Urban frogs use drains as mating megaphones

This month saw a press release about some very peculiar frog behavior, that even made it into the mainstream media. Scientists discovered that frogs living in the urban parts of Taiwan make clever use of manmade storm drains during the mating season to amplify their love serenade.

A Mientien tree frog (Metaphrynella sundana) in its natural habitat. Credit: Brandon Po-Han Chou

A Mientien tree frog (Metaphrynella sundana) in its natural habitat. Credit: Brandon Po-Han Chou

The males of the tiny Mientien tree frog (Metaphrynella sundana), native to Taiwan,  congregate during the mating season in leks (groups) to compete for fertile females. A research team found, in a suburb of Taipei, that males preferentially come together in open concrete drains along roads, different from their natural habitat of ponds. When they recorded the songs of the males they found that songs were on average 4 dB louder than calls from frogs outside these drains and that all 13 notes they use, would tend to last 10% longer. The research team analyzed the densities of male frogs inside these manmade drains and in plots outside the drains and found more than three times as many frogs inside compared to outside the drains. This suggests these male tree frogs are deliberately selecting  the storm drains as stage for their songs. As Mark Bee, a biologist at the University of Minnesota, told Nature.com, “this is perhaps the first study to show that an animal preferentially uses human-made structures to potentially enhance the sounds of its vocal communication signals”.  He added, “these males could be taking advantage of the enhanced acoustics in drainage ditches to outdo their competition”.

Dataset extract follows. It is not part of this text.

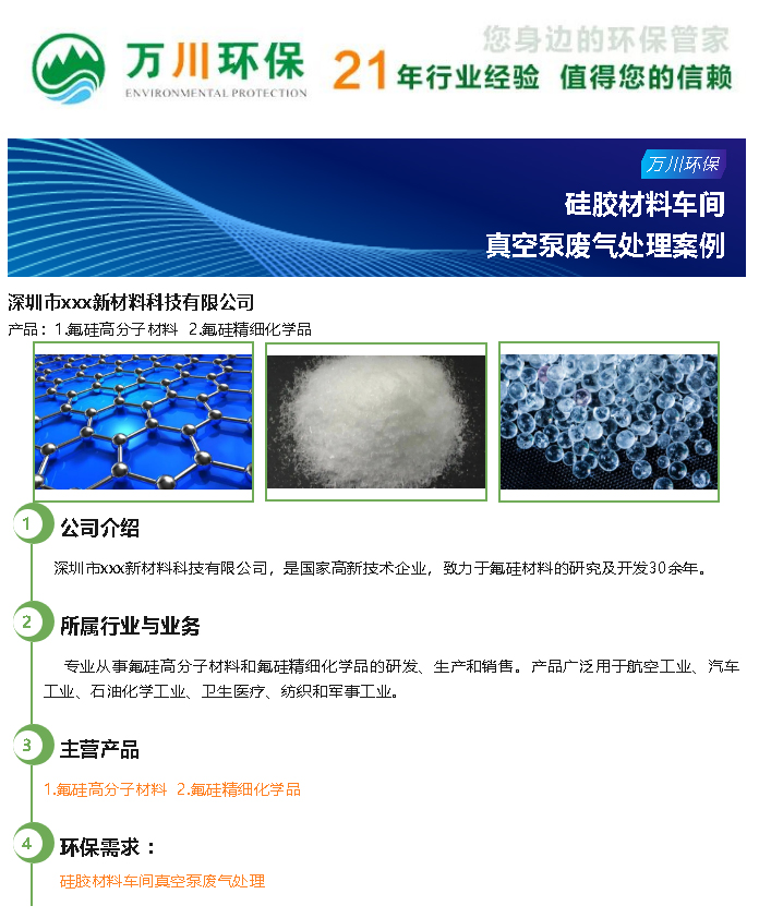 簡介: 深圳市xxx新材料科技有限公司,是國家高新技術(shù)企業(yè),致力于氟硅材料的研究及開發(fā)30余年。萬川環(huán)保受邀對硅膠材料加工車間真空泵廢氣進(jìn)行處理。本文介紹了硅膠材料真空泵廢氣處理中說使用的設(shè)備與方案。

However, it hasn’t been shown yet that the amplification of their song also provides the males frogs with more mating success. So it would be too soon to suggest they really use the storm drains, because their longer and louder songs make them more attractive to females. Predator-avoidance might be another reason why these males preferentially hide out in these structures. First these alternative hypotheses have to be ruled out.